Très rares sont les centres où les entrées et sorties sont libres : il faut un laissez-passer. En certains endroits, le lever et le couvre-feu se font au clairon. Les regroupés peuvent être astreints à assister à la cérémonie des couleurs ainsi qu’au rapport quotidien. On leur apprend à saluer les officiers et sous-officiers. Dans tel centre, le capitaine passe une grande partie de son temps à faire rectifier la position au garde-à-vous des vieillards, comme il le ferait dans une caserne avec de jeunes recrues. Ailleurs, le lieutenant chef de SAS était très fier de la campagne de propreté qu’il avait entreprise, dès qu’il apercevait un enfant sale, il faisait bastonner les parents par un mokhazni. Aussi, lorsqu’il mettait le pied dans le centre, toutes les mères sautaient sur leurs enfants et se mettaient à les frotter avec énergie.

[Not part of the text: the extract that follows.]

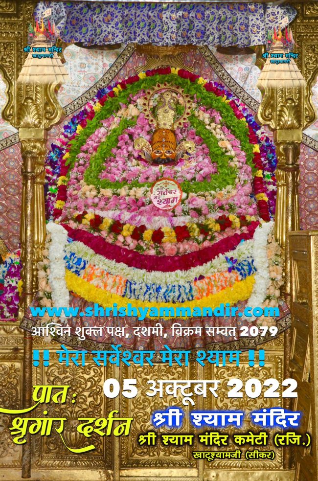 प्रातः श्रृंगार दर्शन – 10 अक्टूबर 2022 – श्री श्याम दर्शन DarshanBy khatuOctober 10, 2022Leave a comment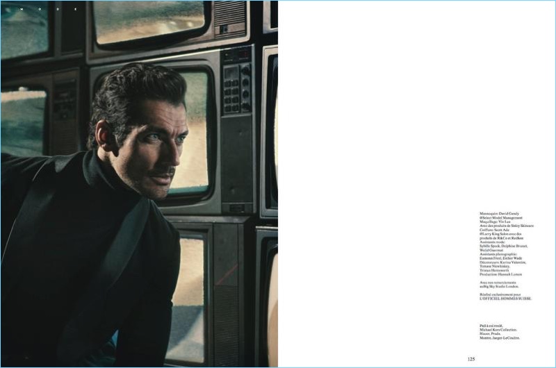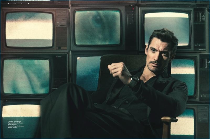 David Gandy lends his signature gaze to L’Officiel Hommes Switzerland. The British model covers the magazine’s spring 2017 issue. Photographer Olivier Yoan embraces film noire inspirations for the outing. Collaborating with stylist Christopher Maul, Yoan captures David in cinematic images. Sporting sartorial styles, David wears brands, which range from Valentino and Tom Ford to Dsquared2.

Lorsque les regroupés font preuve d’hostilité, on essaie de les «mettre en condition». Dans certains centres, les haut-parleurs diffusent, à toute heure du jour, des harangues de «désintoxication». Le général Challe recommande de tout faire pour dissiper les sentiments d’hostilité en organisant des réjouissances au cours desquelles l’armée doit se montrer sous un aspect récréatif : théâtre, séances de cinéma, fêtes sportives avec lâcher de parachutistes, kermesse populaire avec pose d’hélicoptères. En réalité, non seulement cette action psychologique ne réussit à convaincre que les militaires mais elle indispose un peu plus la population.
Privé à peu près totalement de sa liberté, le regroupé préfère souvent aliéner le peu qu’il en reste. Aussi laissera-t-il à l’abandon des terres situées à moins de deux kilomètres du centre ou refusera-t-il de monter dans les camions militaires qui pourraient l’acheminer vers des terres plus éloignées. Parce qu’il n’est plus maître de soi, de son temps et de son bien, le regroupé considère le camp comme une prison, ainsi que l’exprime une vieille femme : «Ils ont jeté en prison tous les hommes, cela n’a pas suffi puisque la guerre continue. Il leur reste à emprisonner les femmes, les enfants et les vieillards. Dans les prisons il n’y a plus de place. C’est plus facile de nous demander de construire de nos mains nos propres prisons. Cela ne coûte rien et ils n’auront même pas à nous servir la soupe des prisonniers.»